Mr A Webster QC and Mr M Firth (instructed by Morrisons Solicitors) appeared on behalf of the claimants.

Mr B Hayhurst (instructed by Her Majesty's Revenue and Customs) appeared on behalf of the defendants.

Mr Justice Holman
1

These are applications for permission to apply for judicial review and for interim relief by way of an injunction. They were directed to be listed for oral hearing by the single judge who first considered them on paper. As a result, I have had the benefit today of sustained, albeit necessarily brief, argument by Mr Alistair Webster QC, well supported by Mr Michael Firth, on behalf of the claimants, and Mr Ben Hayhurst on behalf of the defendants. I have been particularly grateful to all counsel – well supported, I am sure, by their legal teams – for the cogency and expertise of their arguments today. As so often, the quality of the argument has not made the task of the judge any easier, for it serves only to highlight the weight of the conflicting considerations in this particular case.

2

It is clear that in general terms the case occupies the same legal and factual territory as, and raises similar issues to those raised in, the case of HT & Co (Drinks) Ltd v the Commissioners for HM Revenue and Customs [2015] EWHC 659 (Admin), in which Cobb J handed down a written judgment on 12 March 2015. In that case also, he was considering an application for permission to apply for judicial review and a linked application for interim relief. On that occasion he reserved his judgment, and about a week later handed down a magisterial judgment which had obviously taken considerable preparation. I myself cannot indulge in that expansiveness in this case. Today is the last day of my current sitting in the Administrative Court. The time, as I speak, is 4.20 pm. On Monday I start with a very full list and the demanding work of the Family Division. So I must necessarily give a short ex tempore judgment today.

3

The essential factual context is as follows.

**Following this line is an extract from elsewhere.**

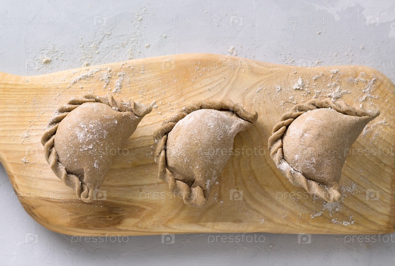 Выпечка пирожков из ржаного теста на деревянной доске, вид сверху. Этап приготовления

The claimants are, and remain, authorised warehousekeepers for the purposes of, and pursuant to, the Warehousekeepers and Owners of Warehoused Goods Regulations 1999. They have indeed been so authorised ever since 1999, some 18 years. Later, they became also duty representatives within the meaning of, and for the purpose of, those regulations.

4

In October 2014, the defendants, HMRC, published a document called Excise Notice 196 pursuant to those regulations. In general terms, the effect of EN 196 was to impose upon warehousekeepers who were duty representatives a condition of due diligence. This required them, amongst other matters, to carry out what are known as FITTED checks. FITTED apparently stands for the Financial health of the company you intend trading with; the Identity of the business you intend trading with; the Terms of any contracts, payment and credit agreements; Transport details of the movement of the goods involved, whether or not you are directly involved in this; Existence/provenance of goods – where goods are said to be duty paid you should normally seek sufficient detail to satisfy yourself of the status of the goods; and the Deal, understanding the nature of the transaction itself.

5

As I understand it, a considerable body of warehousekeepers who are duty representatives have accepted, and purport to comply with, the clearly onerous duties and obligations which EN 196 and the requirement of FITTED checks impose upon them. These claimants, however, took the view, really from the outset, which they continue to maintain, that the requirements of EN 196 shift unlawfully and unfairly onto the warehousekeeper duties of making checks which should properly be the responsibility of HMRC themselves. This clearly led to a prolonged period of dialogue between these particular warehousekeepers and HMRC. As I understand it, there were a number of meetings; there has been a great deal of correspondence; but neither appears to have shown much willingness to shift their ground.

6

Matters came to a head during 2017. On March 2017, HMRC wrote what is headed as a “Minded to revoke letter”. This document now begins at bundle 1, tab 4, p.78 and itself extends to about 12 pages. In it, HMRC set out with some degree of detail and particularity why they considered, as indeed they still do consider, that the claimants are not a fit and proper company to continue to be approved as a duty representative. It is to be noted that at para.9 of that document, now bundle p.80, HMRC clearly state that:

“It is also evident that SWL [the claimants] is failing to adhere to its own internal Due Diligence Policy document. In this regard, HMRC have noted in particular that…” [emphasis in the original document]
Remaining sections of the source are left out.